━━ RECORD SET

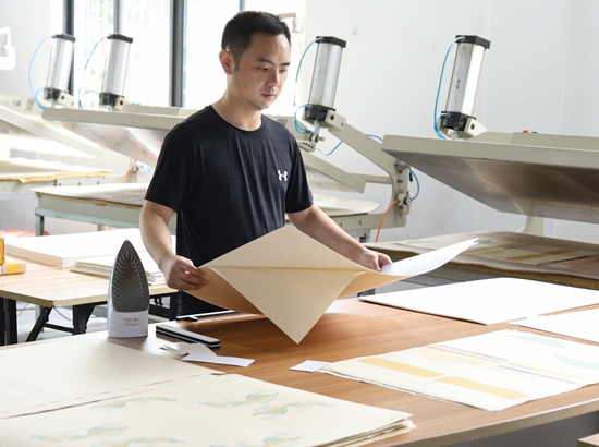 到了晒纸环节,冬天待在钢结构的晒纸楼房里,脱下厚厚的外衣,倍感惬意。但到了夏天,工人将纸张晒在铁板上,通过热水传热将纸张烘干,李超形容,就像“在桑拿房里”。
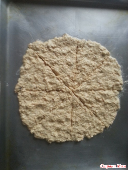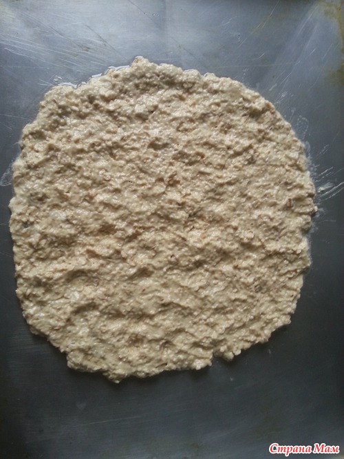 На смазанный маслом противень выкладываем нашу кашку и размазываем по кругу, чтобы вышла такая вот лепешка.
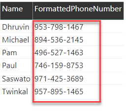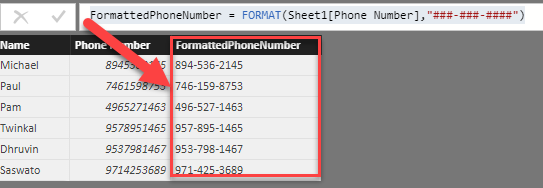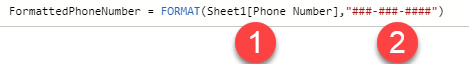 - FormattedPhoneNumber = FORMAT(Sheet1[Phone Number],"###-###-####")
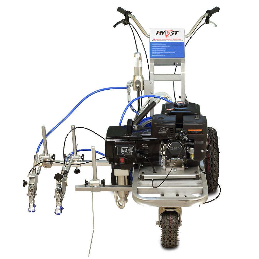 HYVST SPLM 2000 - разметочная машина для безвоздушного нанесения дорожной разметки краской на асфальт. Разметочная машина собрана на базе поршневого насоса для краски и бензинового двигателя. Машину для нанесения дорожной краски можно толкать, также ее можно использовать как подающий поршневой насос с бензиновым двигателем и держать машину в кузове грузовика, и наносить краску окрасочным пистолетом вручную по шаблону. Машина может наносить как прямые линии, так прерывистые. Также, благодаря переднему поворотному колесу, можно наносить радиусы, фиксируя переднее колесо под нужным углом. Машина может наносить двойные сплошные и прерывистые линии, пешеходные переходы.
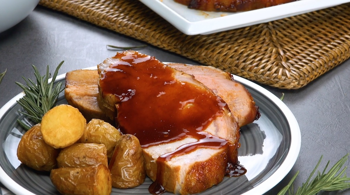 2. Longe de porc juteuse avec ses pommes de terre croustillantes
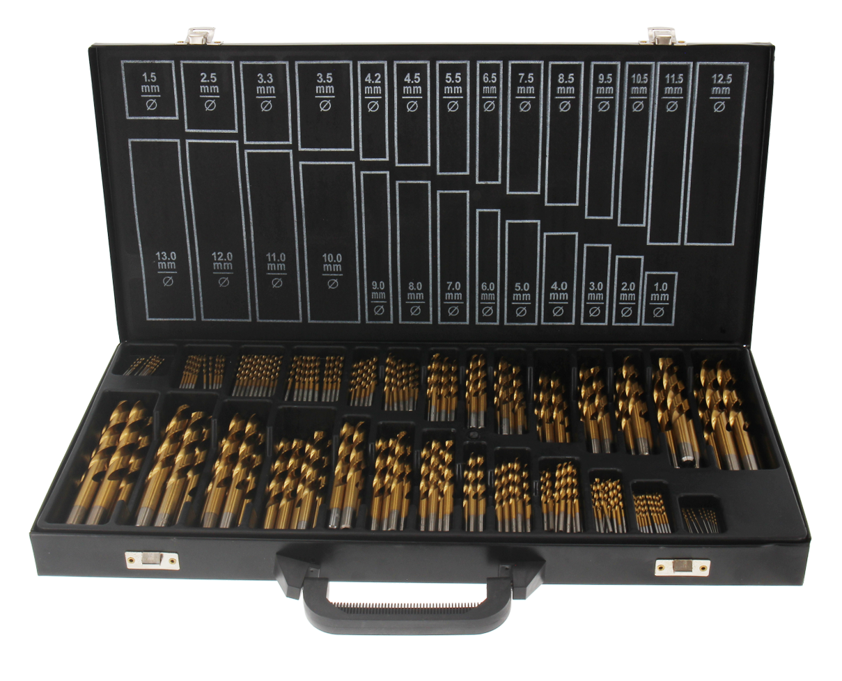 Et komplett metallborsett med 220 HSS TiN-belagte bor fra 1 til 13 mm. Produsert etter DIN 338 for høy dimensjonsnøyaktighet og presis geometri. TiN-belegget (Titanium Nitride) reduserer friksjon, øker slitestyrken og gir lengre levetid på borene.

━━━━

YOUR GOAL
Exact text is required for the lines from the one with "2. Longe de" through the last line of the entries, both included. Omit pictures.

WRITTEN RESPONSE
 2. Longe de porc juteuse avec ses pommes de terre croustillantes
 Et komplett metallborsett med 220 HSS TiN-belagte bor fra 1 til 13 mm. Produsert etter DIN 338 for høy dimensjonsnøyaktighet og presis geometri. TiN-belegget (Titanium Nitride) reduserer friksjon, øker slitestyrken og gir lengre levetid på borene.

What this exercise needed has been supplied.